Sun Honeymoon Update: Servers

It’s been two months since we divorced Rackable and married Sun as our new server & storage vendor and lots of people have been asking how it’s going. So while the ‘marriage’ is still early the server side of things is going really really well. We’re still starry-eyed in love. Our experience with Sun’s storage hardware isn’t nearly so rosy (in fact, it’s downright bad), but I’ll cover that in a near-future update.

So, what do we love about our new server partner?

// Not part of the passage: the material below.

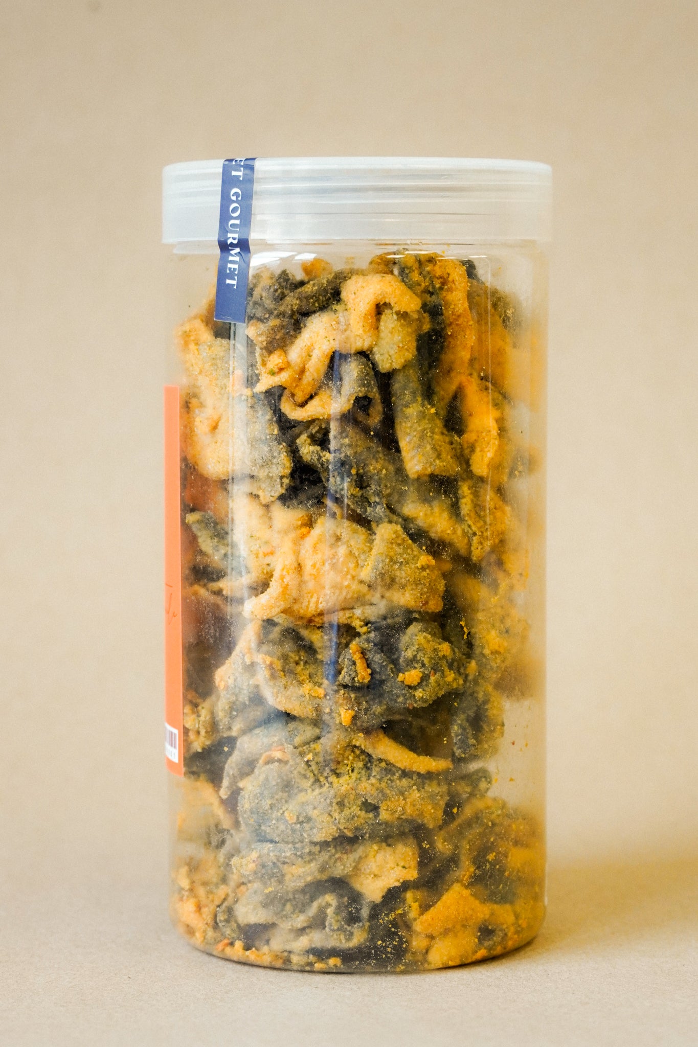 Each piece is made from premium fish skin, deep-fried to golden perfection and generously seasoned with a blend of salted egg yolk. Whether you're enjoying it on its own, sharing with friends, or using it as a crunchy topping for rice or noodles, this snack delivers a burst of flavor in every bite.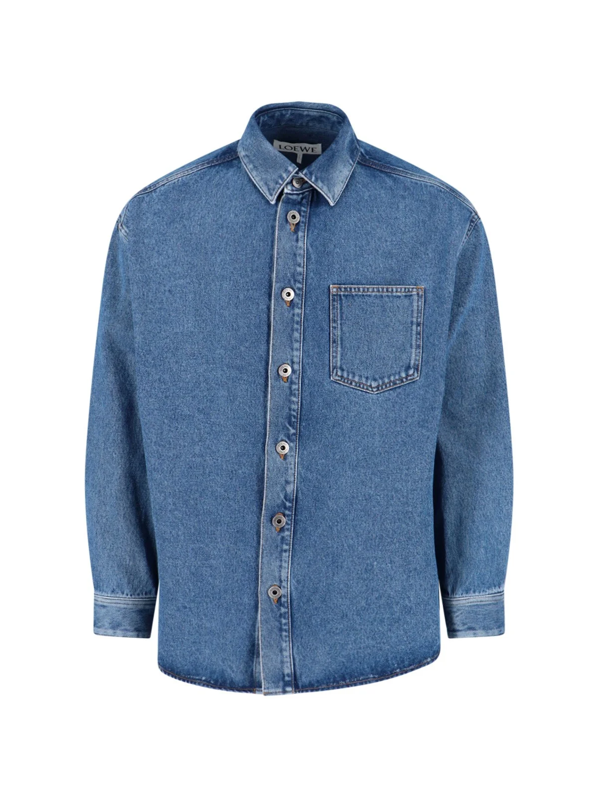 LOEWE 'ANAGRAM' BLUE COTTON DENIM SHIRT WITH CLASSIC COLLAR, LONG SLEEVES, BUTTON CLOSURE, FRONT POCKET, ANAGRAM LOGO ON THE BACK SLEEVE, BUTTON CUFFS, CURVED HEM. PRODUCT INFO PRODUCT CODE H526Y1DW275475 COMPOSITION: 96.6% COTTON, 3.4% POLYESTER SIZE AND FIT: REGULAR FIT MADE IN: ITALY

  • We can standardize on a single server platform for 99% (if not 100%) of our future server needs. The SunFire X2200 M2 servers are 1U and scale up to 2 x dual-core Opterons with 32GB of RAM (and, as important, down to 1 Opteron w/2GB of RAM). For us, that’s huge. Imagine, if you will, some catastrophe befalling one of our database boxes that requires hardware replacement. Instead of having lots of expensive, idle, duplicate hardware around, we could literally crack open a web server, add some more RAM and an external HBA card, and boom, we have a new DB box. There are many reasons Southwest is the most profitable US airline and a huge one is standard components.
  • Their lights-out management (LOM) is a dream. I dinged the Sun T1000 last year because it’s LOM is pretty terrible, but the X2200’s LOM is freaking fantastic. How fantastic? Let me count the ways:
    • It’s ethernet rather than serial. Yay!
    • It can share the same ethernet port the OS does. One wire for both LOM and OS! Less datacenter mess. Double yay!
    • It has a built-in Web UI that lets you see and access all of the features, in addition to telnet and SSH.
    • The Web UI lets you actually view the VGA output on the console. Not just serial console redirection – actual video output.
    • The LOM lets you remotely mount ISOs, floppy images, etc. Got a CD or DVD on your desktop at the office that you wish was in the drive at your datacenter? No problem.
    • Built-in email notification ability for status changes.
    • Lots of SNMP settings. Haven’t played with this much yet, but it looks full-featured.
    • Lots and lots of hardware details, like motherboard and BIOS versions, NIC details, etc are all right there.
    • All of the statuses (fan speeds, temp readings, voltage indicators, etc), with tons of detail, are at your fingertips
  • Well built. First of all, it’s amazing what’s crammed into this 1U footprint. But second, it’s gorgeous inside. It’s clear that someone(s) spent a lot of time and energy working on the layout so that everything fit together just right. Feels like a labor of love. Nothing looks out of place.
  • I gave the T1000 props for the way Sun does illustrations on their lids to show what parts are hot-swappable vs cold-swappable and the X2200 is no exception. The lid is printed with all kinds of useful diagrams that make servicing the hardware much much easier. I’m a sucker for attention to detail (one reason I love Apple).
  • Turnaround time was excellent with both orders we’ve placed so far. We don’t have the luxury of planning for projects months and months in advance, so moving quickly when we need new hardware is key.
  • Pricing was great. Thanks to Sun’s AMD (and soon, Intel) server platforms, their pricing is competitive with everyone else. I truly believe that the baseline hardware (CPU, RAM, HDDs) has become commodity and that the differentiating value is in the extra technology (like LOM), service, and support. Sun gets this, I think.
  • Their rails just work. This is more rare than you might imagine – sucky rails really suck. Sun’s rails do what they’re supposed to – make it easy to install and, later, get access to your servers.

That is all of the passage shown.